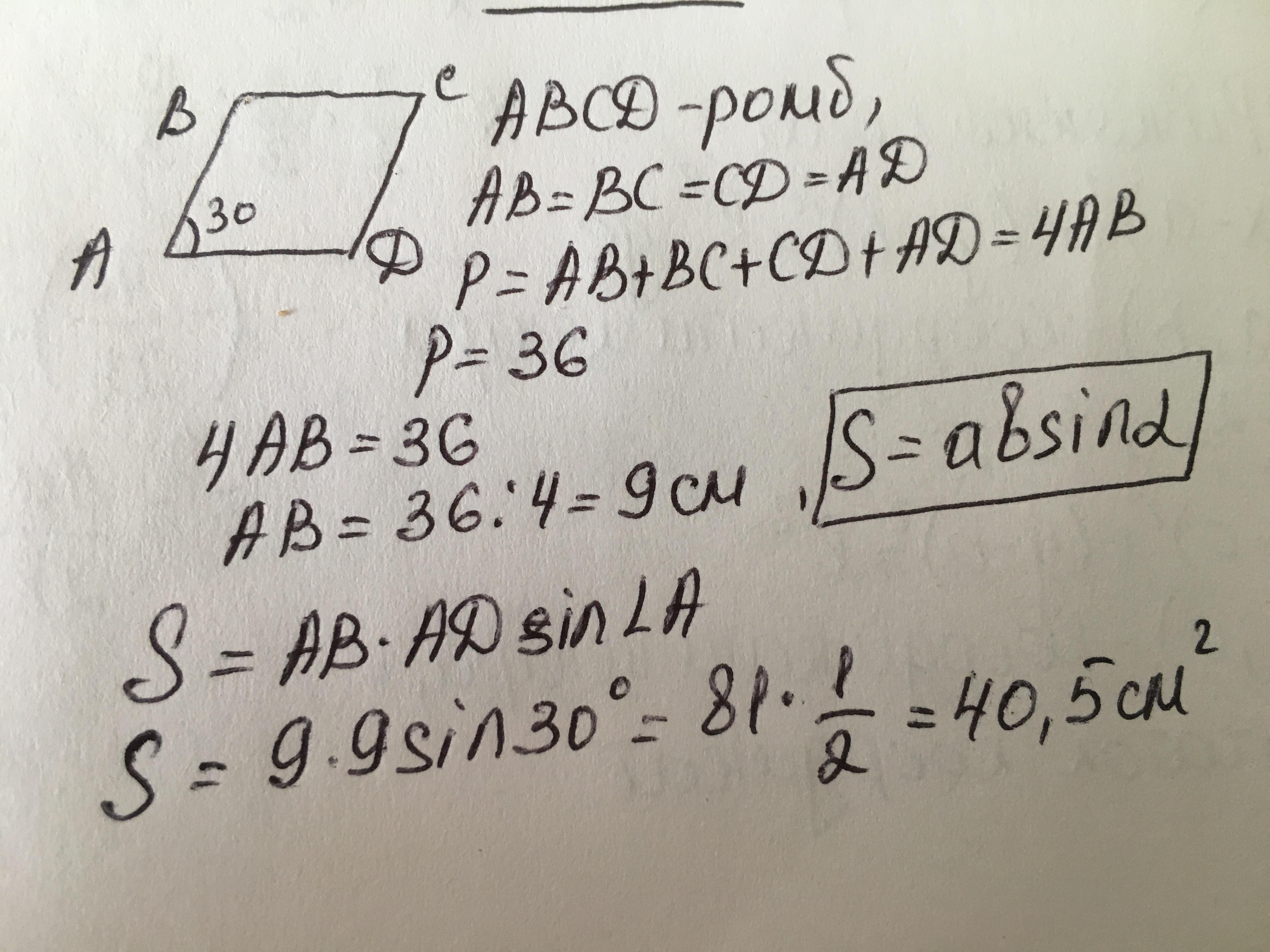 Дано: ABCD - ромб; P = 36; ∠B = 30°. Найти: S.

━━━

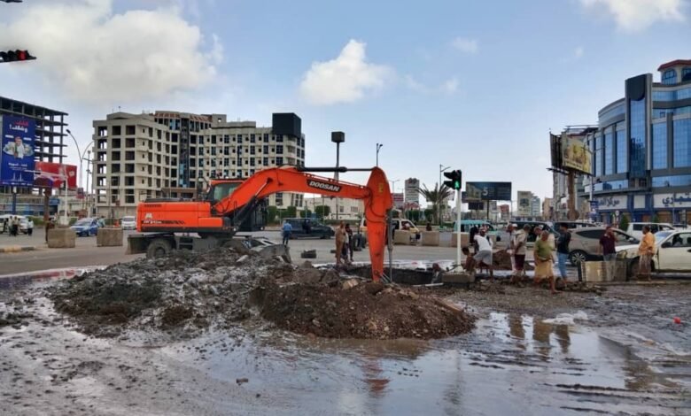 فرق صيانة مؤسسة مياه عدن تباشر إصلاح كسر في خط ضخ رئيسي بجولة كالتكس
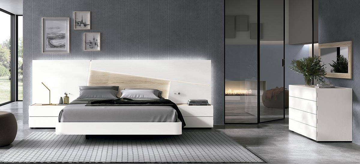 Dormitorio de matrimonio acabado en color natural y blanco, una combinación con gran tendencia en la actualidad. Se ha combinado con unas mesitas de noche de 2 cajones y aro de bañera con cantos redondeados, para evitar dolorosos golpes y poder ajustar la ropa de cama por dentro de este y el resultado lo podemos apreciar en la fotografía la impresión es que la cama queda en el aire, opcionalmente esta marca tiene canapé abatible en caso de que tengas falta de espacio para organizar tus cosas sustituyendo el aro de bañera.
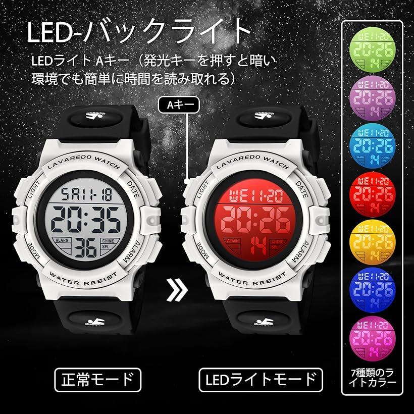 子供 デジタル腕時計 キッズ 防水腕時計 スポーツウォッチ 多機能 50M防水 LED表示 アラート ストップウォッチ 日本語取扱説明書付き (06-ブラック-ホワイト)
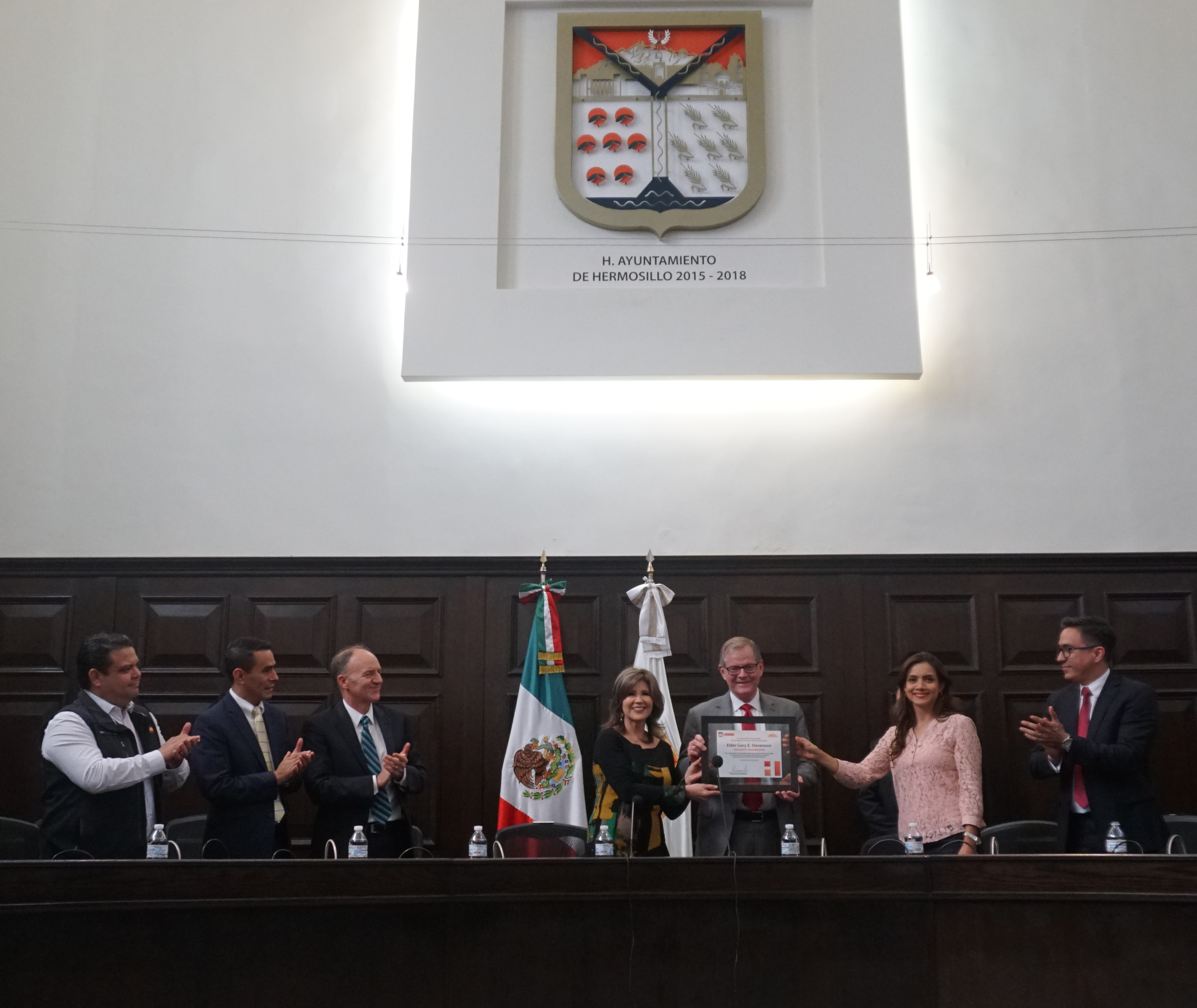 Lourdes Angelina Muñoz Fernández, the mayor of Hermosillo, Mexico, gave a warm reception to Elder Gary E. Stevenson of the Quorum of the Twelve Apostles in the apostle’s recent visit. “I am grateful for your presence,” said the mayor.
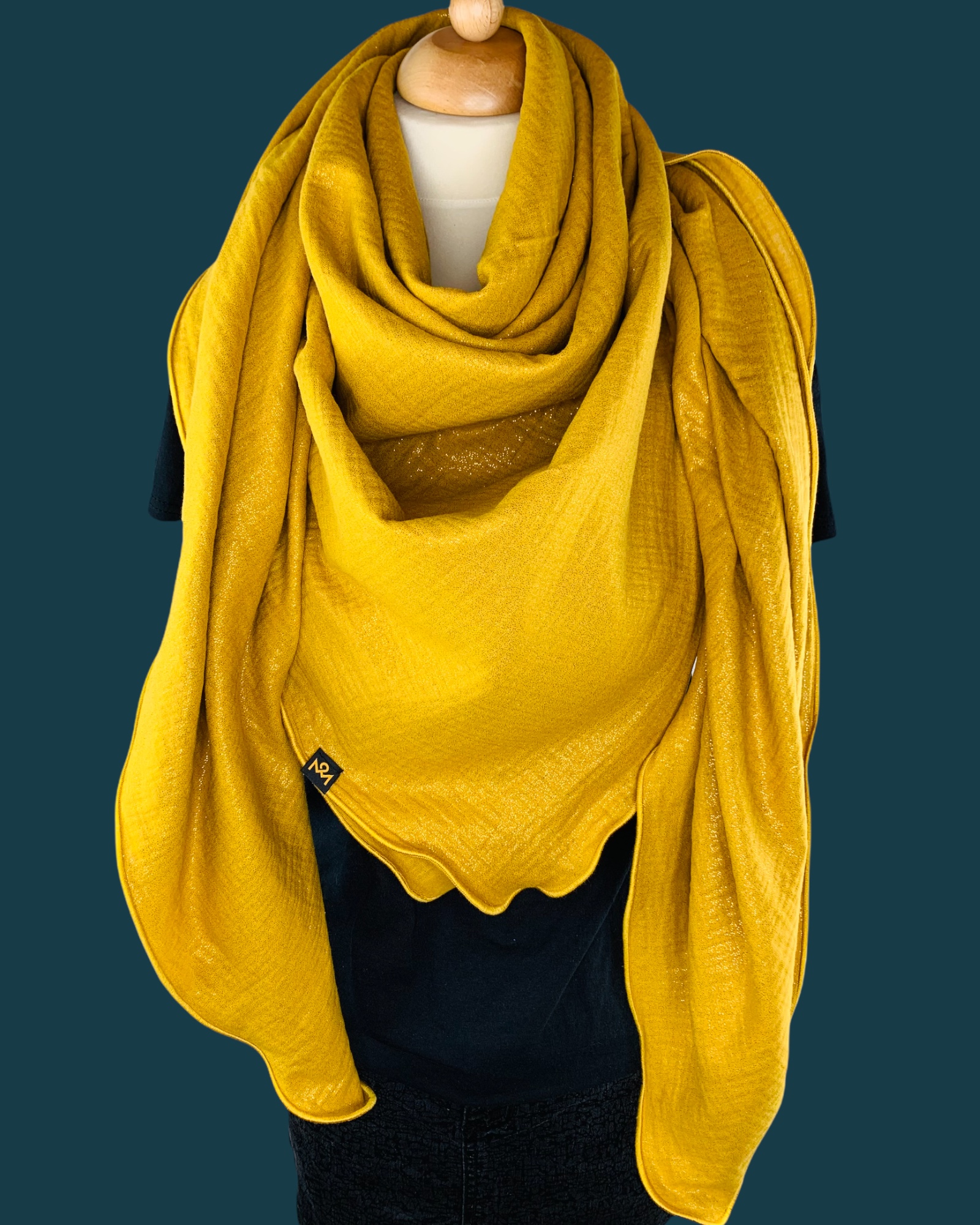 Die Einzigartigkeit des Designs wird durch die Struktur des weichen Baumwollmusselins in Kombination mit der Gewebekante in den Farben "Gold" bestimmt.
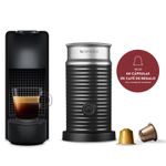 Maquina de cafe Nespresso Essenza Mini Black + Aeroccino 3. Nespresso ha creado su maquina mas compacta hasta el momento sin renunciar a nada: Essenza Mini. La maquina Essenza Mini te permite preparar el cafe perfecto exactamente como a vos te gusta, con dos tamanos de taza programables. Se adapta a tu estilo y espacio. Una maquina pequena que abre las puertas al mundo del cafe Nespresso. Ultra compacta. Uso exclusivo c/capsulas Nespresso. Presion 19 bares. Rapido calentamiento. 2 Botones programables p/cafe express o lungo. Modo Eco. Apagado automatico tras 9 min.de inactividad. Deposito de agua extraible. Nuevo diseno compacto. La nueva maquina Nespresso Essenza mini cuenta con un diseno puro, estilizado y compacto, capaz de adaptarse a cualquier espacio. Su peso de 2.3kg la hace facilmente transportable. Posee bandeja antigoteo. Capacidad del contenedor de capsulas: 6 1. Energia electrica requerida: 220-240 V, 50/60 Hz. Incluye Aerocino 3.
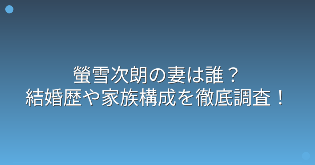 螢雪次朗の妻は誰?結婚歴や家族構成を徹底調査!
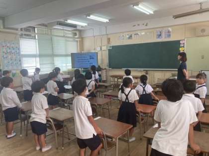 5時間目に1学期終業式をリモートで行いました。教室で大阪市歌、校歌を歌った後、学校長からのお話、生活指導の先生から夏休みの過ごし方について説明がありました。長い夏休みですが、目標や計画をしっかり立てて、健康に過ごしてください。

━━━

• [Task item]:
Would you restate, exactly and with no pictures, the lines of the entries above from the one containing "Maquina de cafe" through the one containing "5時間目に1学期終業式をリモ"?

• [Answer to the problem]:
 Maquina de cafe Nespresso Essenza Mini Black + Aeroccino 3. Nespresso ha creado su maquina mas compacta hasta el momento sin renunciar a nada: Essenza Mini. La maquina Essenza Mini te permite preparar el cafe perfecto exactamente como a vos te gusta, con dos tamanos de taza programables. Se adapta a tu estilo y espacio. Una maquina pequena que abre las puertas al mundo del cafe Nespresso. Ultra compacta. Uso exclusivo c/capsulas Nespresso. Presion 19 bares. Rapido calentamiento. 2 Botones programables p/cafe express o lungo. Modo Eco. Apagado automatico tras 9 min.de inactividad. Deposito de agua extraible. Nuevo diseno compacto. La nueva maquina Nespresso Essenza mini cuenta con un diseno puro, estilizado y compacto, capaz de adaptarse a cualquier espacio. Su peso de 2.3kg la hace facilmente transportable. Posee bandeja antigoteo. Capacidad del contenedor de capsulas: 6 1. Energia electrica requerida: 220-240 V, 50/60 Hz. Incluye Aerocino 3.
 螢雪次朗の妻は誰?結婚歴や家族構成を徹底調査!
 5時間目に1学期終業式をリモートで行いました。教室で大阪市歌、校歌を歌った後、学校長からのお話、生活指導の先生から夏休みの過ごし方について説明がありました。長い夏休みですが、目標や計画をしっかり立てて、健康に過ごしてください。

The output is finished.